§ EXERCISE DETAILS
Only the pictures are dropped. Restate each line below word for word.

§ PROVIDED DATA
▬▬▬▬▬▬
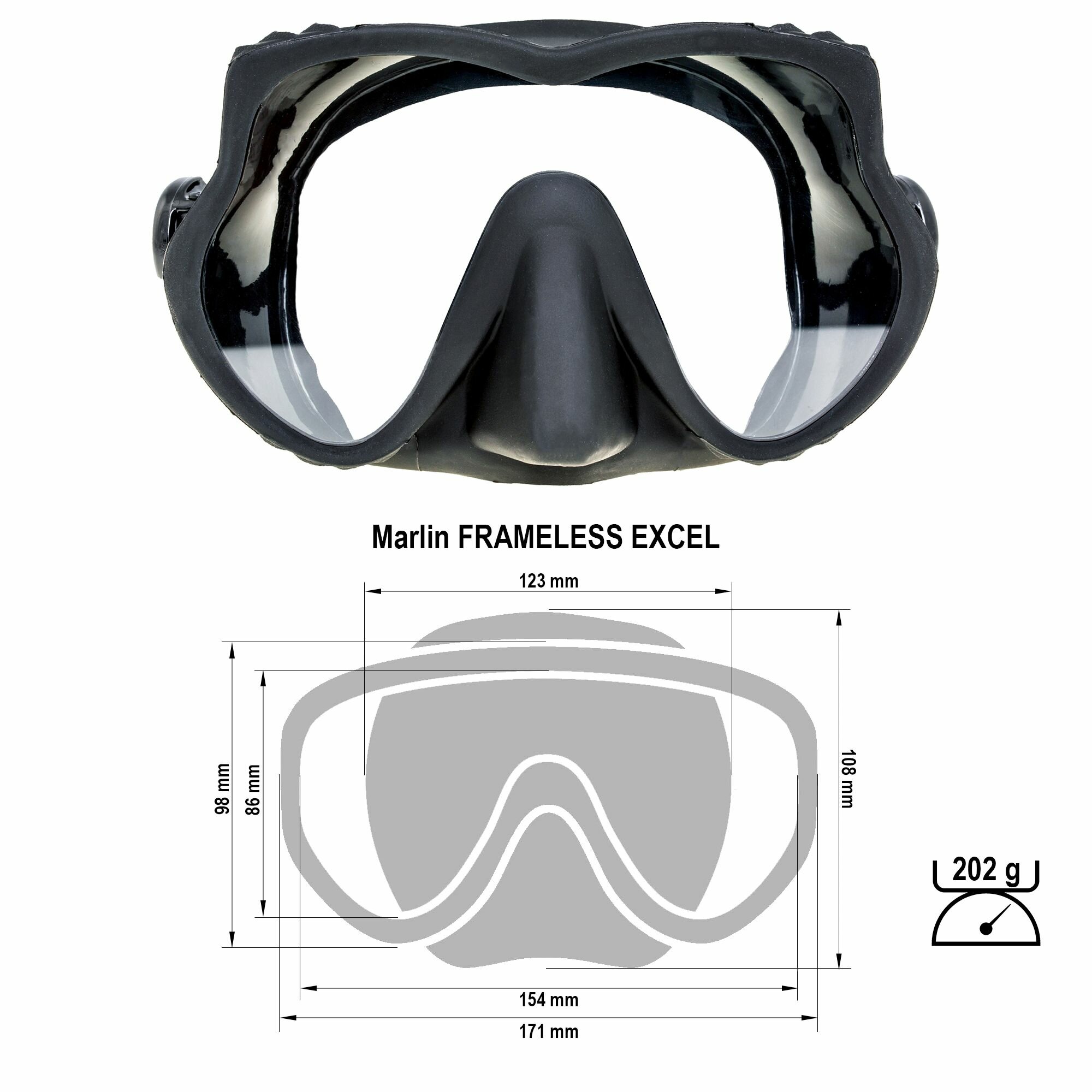 Маска для дайвинга Marlin FRAMELESS EXCEL BLACK
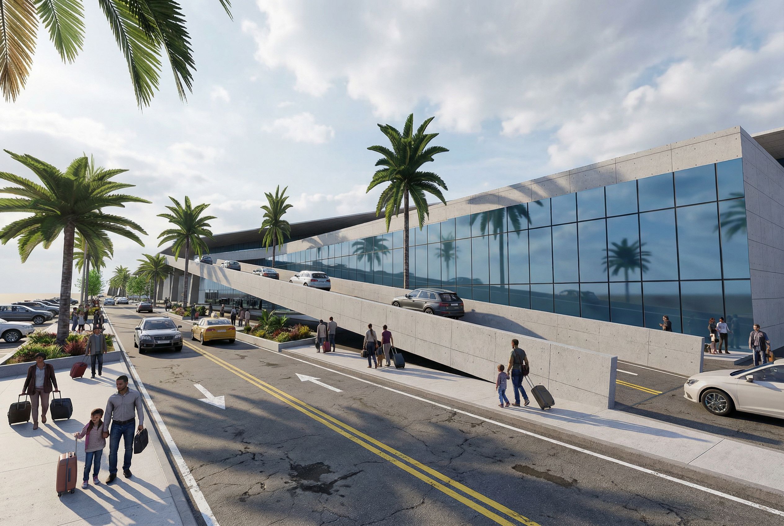 architectural exterior rendering, render this 3D mass into photorealistic rendering, Enhance this airport exterior scene while preserving the architectural design, ramp geometry, façade layout and palm-tree rhythm. Add realistic white road markings and asphalt stripes: lane dividers, edge lines and turning guides, all aligned with the existing street geometry. Improve the asphalt texture with depth and subtle variation. Add cars driving up the elevated ramp and vehicles parked or stopping along the passenger drop-off area. Populate the sidewalks with travelers carrying luggage, families arriving, people walking or waiting for transportation — all realistically scaled and integrated with shadows and lighting. Improve material realism: reflective blue glass façade, detailed concrete ramp texture, natural palm trees with variation in leaves and trunks, realistic planter soil and landscaping. Add soft daylight, dynamic shadows, and atmospheric depth for realism. Ultra-realistic 4K quality, photorealistic lighting, crisp reflections, detailed textures, clean airport aesthetic with vibrant but professional look. no distorted people, no cartoon style, no incorrect scale, no crooked road markings, no unrealistic cars, no clutter, no overexposed light, no fantasy elements., keep exact camera angle, including people, vehicles, trees, high quality, professional, detailed scene
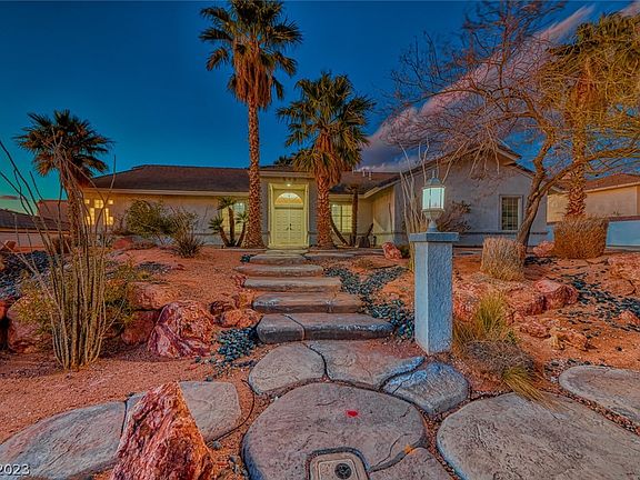 PANORAMIC STRIP, CITY & MOUNTAIN VIEWS!! Single Story Custom residence located in desirable Calico Ridge features Two Primary Suites! Kitchen is located in the center of the home w/island, ample storage & lots of windows to take in those fabulous valley views! Spacious living room w/fireplace, vaulted ceiling & patio access is to the right & formal dining room w/built in cabinetry is on the left*Identical primary suites w/sitting area are located on opposite sides of the home & each feature dual vanities/separate tub/shower & walk in closet w/cedar ceilings. Large laundry room w/sink, tons of cabinet storage & utility closet; washer/dryer are included. New tankless hot water heater, garage door openers & irrigation timer, too! Relax and enjoy the beautiful skyline on the rear covered patio w/ceiling fan & fountain!
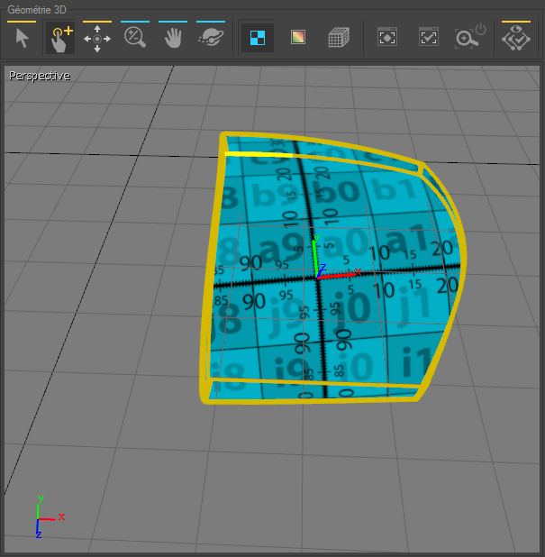 La boîte Géométrie 3D contient une vue 3D interactive dans laquelle sont affichées les surfaces à déplier ainsi que plusieurs outils destinés au dépliage et à la manipulation des surfaces.
▬▬▬▬▬▬
§ SOLUTION FOR THIS EXERCISE
 Маска для дайвинга Marlin FRAMELESS EXCEL BLACK
 architectural exterior rendering, render this 3D mass into photorealistic rendering, Enhance this airport exterior scene while preserving the architectural design, ramp geometry, façade layout and palm-tree rhythm. Add realistic white road markings and asphalt stripes: lane dividers, edge lines and turning guides, all aligned with the existing street geometry. Improve the asphalt texture with depth and subtle variation. Add cars driving up the elevated ramp and vehicles parked or stopping along the passenger drop-off area. Populate the sidewalks with travelers carrying luggage, families arriving, people walking or waiting for transportation — all realistically scaled and integrated with shadows and lighting. Improve material realism: reflective blue glass façade, detailed concrete ramp texture, natural palm trees with variation in leaves and trunks, realistic planter soil and landscaping. Add soft daylight, dynamic shadows, and atmospheric depth for realism. Ultra-realistic 4K quality, photorealistic lighting, crisp reflections, detailed textures, clean airport aesthetic with vibrant but professional look. no distorted people, no cartoon style, no incorrect scale, no crooked road markings, no unrealistic cars, no clutter, no overexposed light, no fantasy elements., keep exact camera angle, including people, vehicles, trees, high quality, professional, detailed scene
 PANORAMIC STRIP, CITY & MOUNTAIN VIEWS!! Single Story Custom residence located in desirable Calico Ridge features Two Primary Suites! Kitchen is located in the center of the home w/island, ample storage & lots of windows to take in those fabulous valley views! Spacious living room w/fireplace, vaulted ceiling & patio access is to the right & formal dining room w/built in cabinetry is on the left*Identical primary suites w/sitting area are located on opposite sides of the home & each feature dual vanities/separate tub/shower & walk in closet w/cedar ceilings. Large laundry room w/sink, tons of cabinet storage & utility closet; washer/dryer are included. New tankless hot water heater, garage door openers & irrigation timer, too! Relax and enjoy the beautiful skyline on the rear covered patio w/ceiling fan & fountain!
 La boîte Géométrie 3D contient une vue 3D interactive dans laquelle sont affichées les surfaces à déplier ainsi que plusieurs outils destinés au dépliage et à la manipulation des surfaces.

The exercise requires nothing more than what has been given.